На наш взгляд, все взгляды философов-космистов на образование можно отнести к идее формирования определенного «вселенского» разума, идеи особого типа мышления, ориентирующего человека на решение планетарных проблем. Должно произойти «оразумление» прогрессивной космической эволюции, в будущем должен состояться разум космический [1, с. 43].
Все это имеет отношение к проблеме человека, его деятельности, которая выходит на задачу его образования, некоторые черты которого мы попытаемся выявить в рамках изучения работ таких ученых и мыслителей, как Константин Циолковский и Иван Ефремов. Разные их идеи возможно объединить в несколько общих постулатов относительно целей и средств учебно-воспитательной деятельности.
Одной из общих черт образовательных концепций, представленных Циолковским и Ефремовым, является социальная сущность образования, его направленность на решение общественных задач.
Идея общего, всечеловеческого является единым атрибутом «космической философии», в том числе и той области, которую можно обозначить как «космическая философия образования». Один из родоначальников (возможно, главный представитель) философии космизма Николай Федоров говорил о необходимости всеобщего обязательного образования, которое раскрывает способности каждого, указывая каждому его предназначение, его способ взаимодействия с окружающими [2, с. 42]. Образование в этом контексте предстает и как общее, и как индивидуальное: раскрывая способности каждого, оно решает проблему взаимодействия человека с окружающим его социальным миром.
Исходя из учения космистов, социальность можно представить и как цель, и как средство учебно-воспитательной деятельности. Образование есть некая форма проявления социальной потребности, «...школа должна бы быть общежитием» [3, с. 5]. В этой «общей жизни» человеку комфортнее реализовывать образовательные практики, проще приспосабливать собственные потенции к творческому образовательному труду.
Институт образования существует не просто так. Его задача — обеспечить в том числе и воспроизводство некоторой системы общественных отношений, разработать структуры ролевых матриц, возможно, сбалансировать конфликт разных ментальных оснований, поскольку любые межчеловеческие отношения могут обнаруживать свои противоречия. Школа сама по себе является достаточно противоречивым внутренне институтом, вынужденным постоянно корректировать собственную модель общественного воспроизводства.
Несоответствия необходимо раскрывать. Кто это может сделать? Традиционная школа инертна и консервативна, но консервативность зачастую выявляет противоречия в их полноте, именно учителя видят то, что недоступно обывателю, именно они поднимают и как-то решают социальные вопросы. По К. Циолковскому, их работа — постоянный социологический опыт. Это и передается учащимся — умение жить обществом, знание принципов разумной общественной организации отношения, видение лучшего социального устройства [3, с. 6—7].

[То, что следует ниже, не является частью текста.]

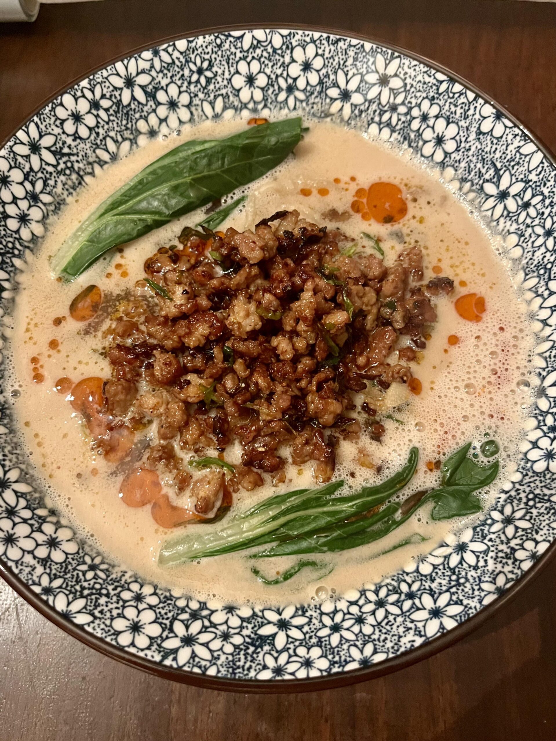 Crispy ground pork with green onion, garlic, soy sauce, mirin, and togorashiThe broth is whisked together with tahini paste, fresh ground roasted sesame, and garlic/ginger infused duck fatby minijabrontoad 4 Comments Fuzzy_Welcome8348 4 months ago I want to drink that broth. PASS ME A STRAW False3quivalency 4 months ago Yo this looks delicious. I hope it was very good after all your hard work to make it~ AdDear1590 4 months ago That broth looks rich. I think my blood just thickened a little. Still looks delicious. I hope you enjoyed. usk_7 4 months ago Nice TanTanMen!
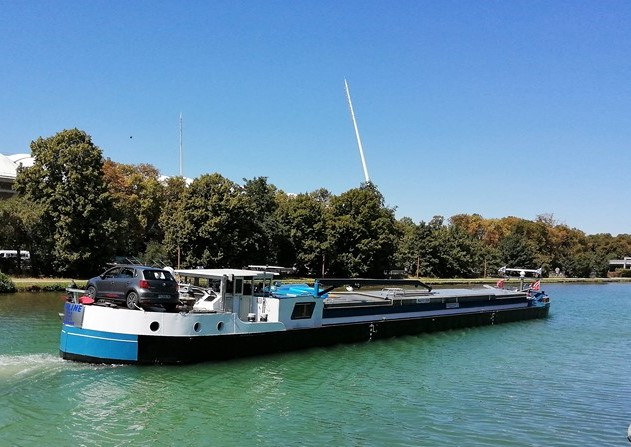 Sur le canal de la Marne au Rhin en juillet 2015, écluse 8 de la vallée de Sauvoy : il a chargé de l'orge à Pogny (51) pour Denain, mais suite à un imprévu sur la marchandise, il a été vider à Metz (nouveau port)
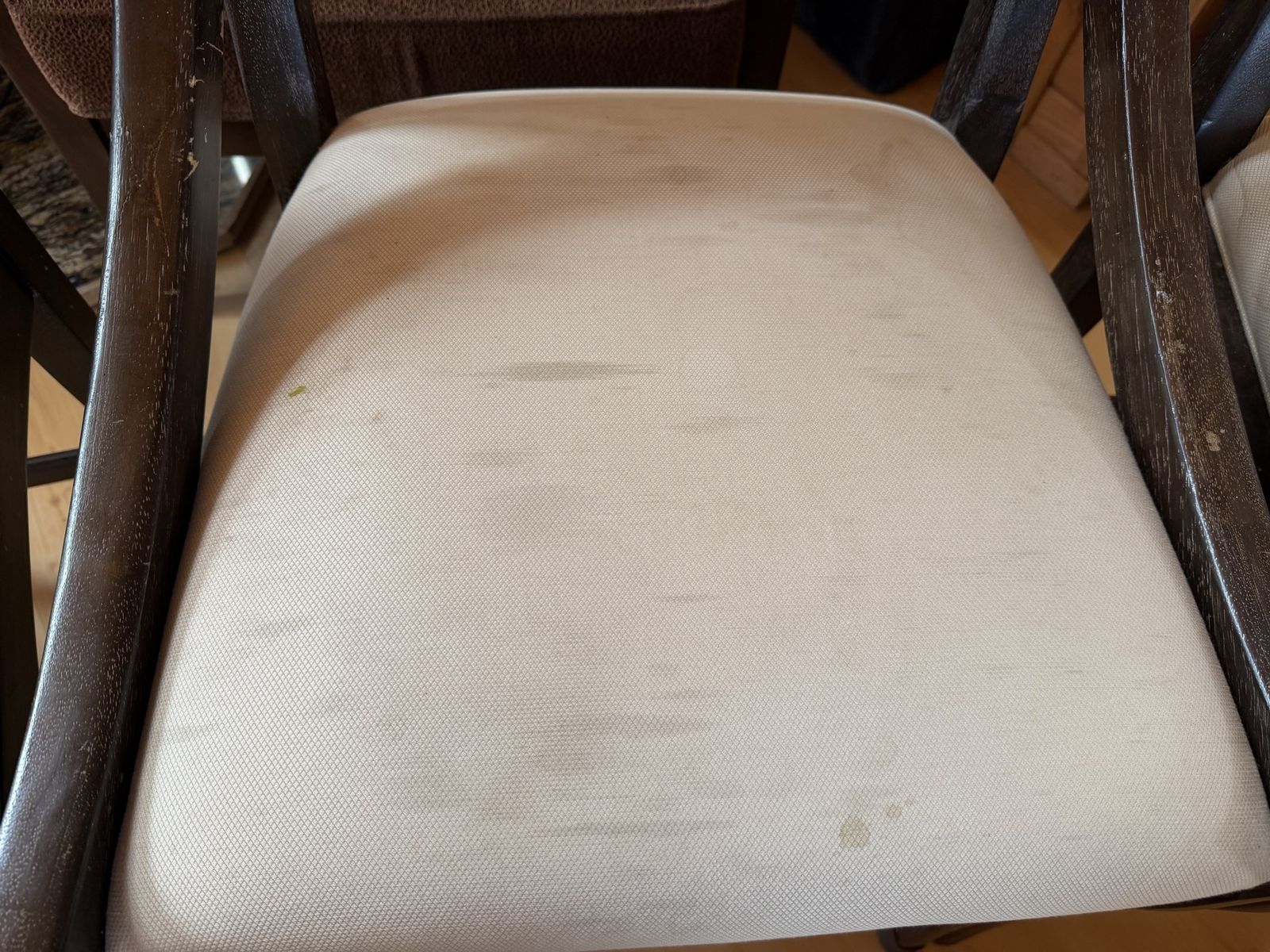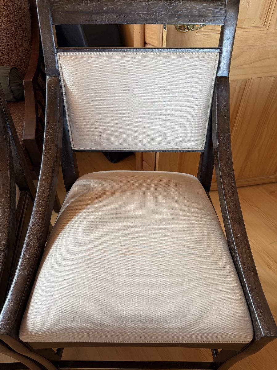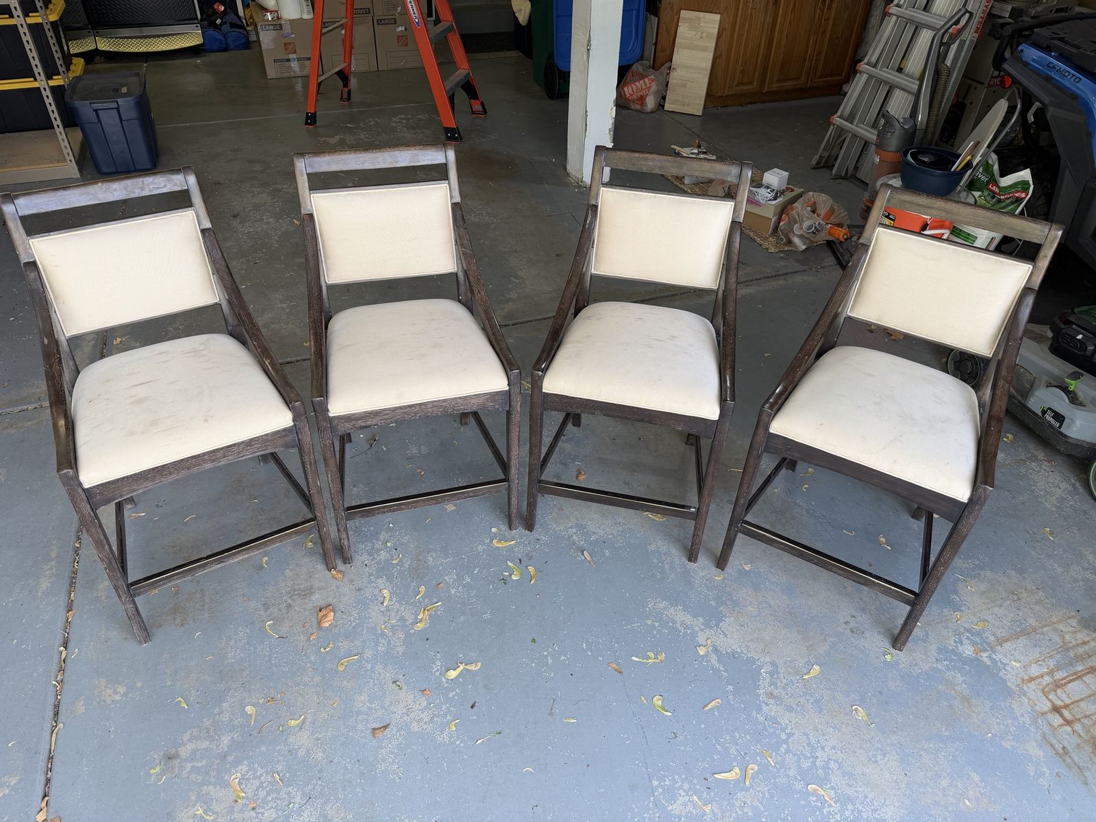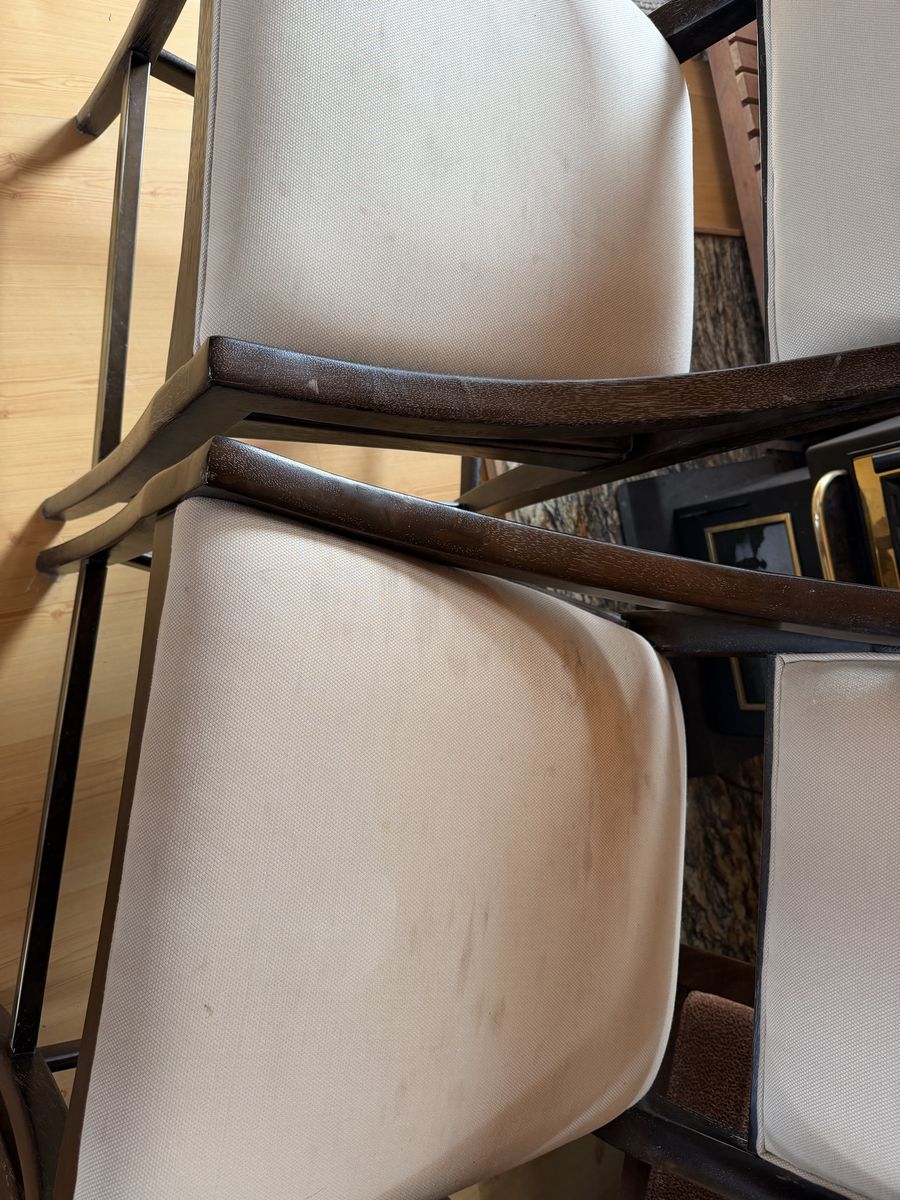 VenmoPadded bar stool chairs. Height: 23.5” to seat/arm (front); 39.25” at back. Depth: 22” at top and bottom; 18.5” at center. Width: 21” at front; 17.25” at back. Seats have some stains. Priced and sold as a set.
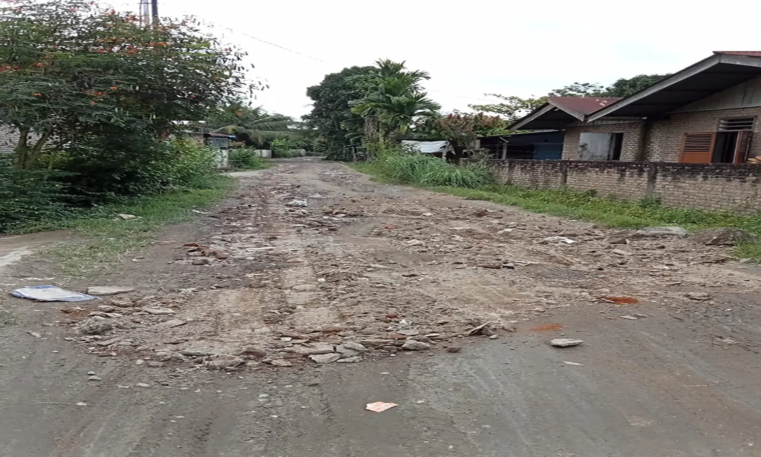 PARBOABOA, Tebing Tinggi - Bertahun-tahun, warga Desa Tangkahan Pasir, Kelurahan Teluk Karang, Kecamatan Bajenis, Kota Tebing Tinggi, mengeluhkan jalan rusak yang tak kunjung diperbaiki pemerintah daerah setempat.
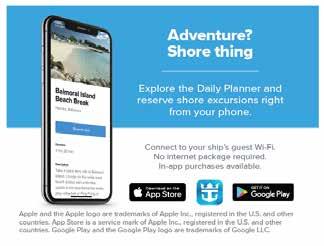 Want to book a shore excursion right now? You can research, reserve a tour, and receive instant confirmation right on your phone. Book today using the app or by visiting the Shore Excursions Deck 6.

Иван Ефремов, вслед за многими выдающимися мыслителями (прежде всего, представителями философии Просвещения), утверждает, что важнейшим фактором воспитания и обучения является общественная среда. Если учащиеся станут лучше, лучше станет и общество, потому что здесь присутствует взаимная зависимость [4].
В своем проекте образования, описанном в «Туманности Андромеды», Ефремов настаивает на воспитании общественного сознания, считая его основой для формирования нового общественного устройства. Управление производством и распределением невозможно, с точки зрения автора, «без воспитания общественного сознания каждого человека» [5, с. 44]. Но и тогда, когда «новое общество» уже построено, главной задачей остается «воспитание, физическое и духовное развитие человека» [5, с. 98].
В этом случае мы говорим о целях образования, о его потенциальном результате и некотором общем принципе, но следует также рассмотреть средства, способы учебно-воспитательной работы. Социальная среда, общественное воздействие определяют формы воспитания, причем воспитания непрерывного, за счет которого «восхождение общества идет быстро» [5, с. 201].
Да, не все так однозначно в нашем мире и люди не только рождаются разными физически, но и по-разному воспитываются. Если человек не подчиняется этическим нормам, направленным к добру, к сохранению общественного равновесия и общей воли в жизни, если человек направлен «случайным честолюбием и личными страстями», то некоторые положительные качества, такие, как мужество и тяга к творчеству, преобразуются в аморальные поступки, в зверство, жестокую хитрость, «а преданность и самопожертвование становятся оплотом тирании, жестокой эксплуатации и надругательства... Легко срывается покров дисциплины и общественной культуры — всего одно-два поколения плохой жизни» [5, с. 239].
Большое внимание космисты уделяют трудовой деятельности. Оно становится основанием воспитания общественного, коллективного. С точки зрения Циолковского, труд физический должен чередоваться с умственным, а «искусство жизни» с научным знанием. Земледелие и ремесло — фундамент наук и искусств.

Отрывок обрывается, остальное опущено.